**EXERCISE INSTRUCTIONS**
Starting at the line that holds "雅安地震后傅强在帐篷里与灾民对话(图片转自中国共产党新闻网)", reproduce each line exactly up to and including the last line of the records below. Pictures stay out.
________
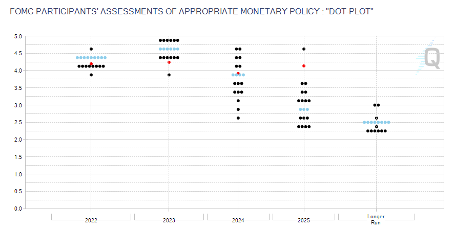9월 FOMC에서 연준은 또다시 자이언트 스텝 (0.75% 기준금리 인상)을 단행했고, 이에 따라 현재 미국의 기준금리는 올해 초 0%에서 3.25%가 되었다. 이 정도의 기준금리 인상 속도는 80년대 인플레이션 파이터 폴 볼커 이후로 처음 보는 속도이며, 연준의 물가 안정에 대한 의지가 확실하다는 것을 보여주는 수치라고 이야기할 수 있을 것이다. 제롬 파월 연준 의장은 0.75% 금리 인상을 이야기하면서, 올해 연말 기준금리가 4.4% 정도 선이 될 것이라고 이야기했고, 이는 기존 예상치인 4% 보다 0.5% 정도 높은 수치로써, 남은 2번(11월, 12월)의 FOMC에서 각각 0.75%, 0.5%를 올리게 될 가능성이 매우 높아졌음을 의미한다.
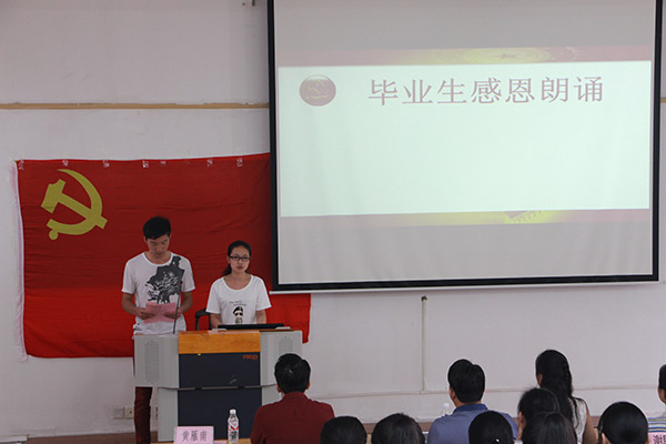 大会的第二部分还有重温入党誓词,让全体党员重新感受入党时的信念及初衷;毕业生党员诗歌朗诵——《今天,我们毕业了》饱含全体党员对大学生活的酸甜苦辣之感以及对母校、对老师深深的感激及不舍之情;党员代表发自内心的发言代表了全体党员对同学、对老师、对母校的感激之情。
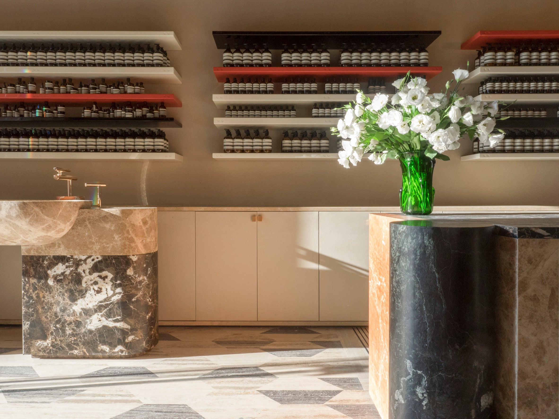 Podlaha z tmavě šedého travertinu odkazuje na nedaleký kostel. Obrovský blok z tmavě zeleného a růžového mramoru tvoří centrální prvek interiéru, nad kterým se tyčí závěsná lampa vyzařující tlumené oranžové světlo. Mramor v pískovém odstínu byl použitý k vytvoření dvou samostatných umyvadel, kde si můžete všechny produkty vyzkoušet na vlastní kůži. Mým favoritem je krém na ruce a mýdlo Resurrection s vůní mandarinkové kůry, rozmarýnu a cedru. Zbláznit se můžu z nekonvenční orientální vůně Marrakech Intense a osvěžující gelové masky Blue Chamomile, která zažene všechny stopy únavy z dlouhé cesty.
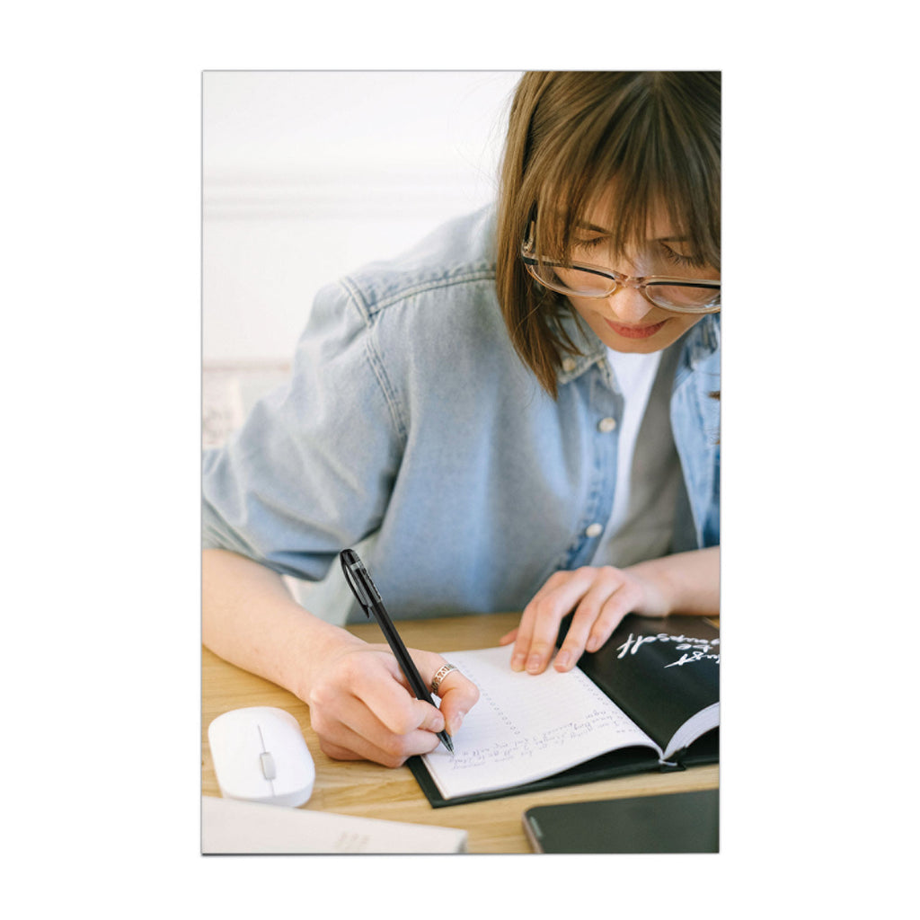 Innovative hybrid ink combines the quick-drying properties of a ballpoint with the smoothness and vibrancy of a gel. uni Super Ink™ technology protects writing from water, fading and fraud. Ergonomic, attractive barrel features a comfortable, soft, textured body, Ideal for both right- and left-handed writers. Acid-free for archival-quality results.
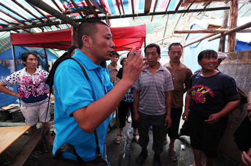 雅安地震后傅强在帐篷里与灾民对话(图片转自中国共产党新闻网)
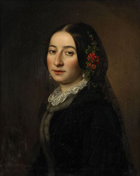 Italienska i pälsbrämad dräkt, bärandes svart mantilla - midjebild
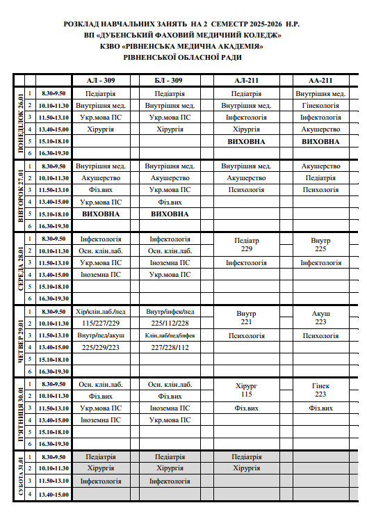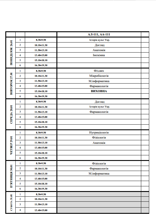 РОЗКЛАД 26.01-31.01.2026
________
**OUTPUT BELOW**
 雅安地震后傅强在帐篷里与灾民对话(图片转自中国共产党新闻网)
 Italienska i pälsbrämad dräkt, bärandes svart mantilla - midjebild
 РОЗКЛАД 26.01-31.01.2026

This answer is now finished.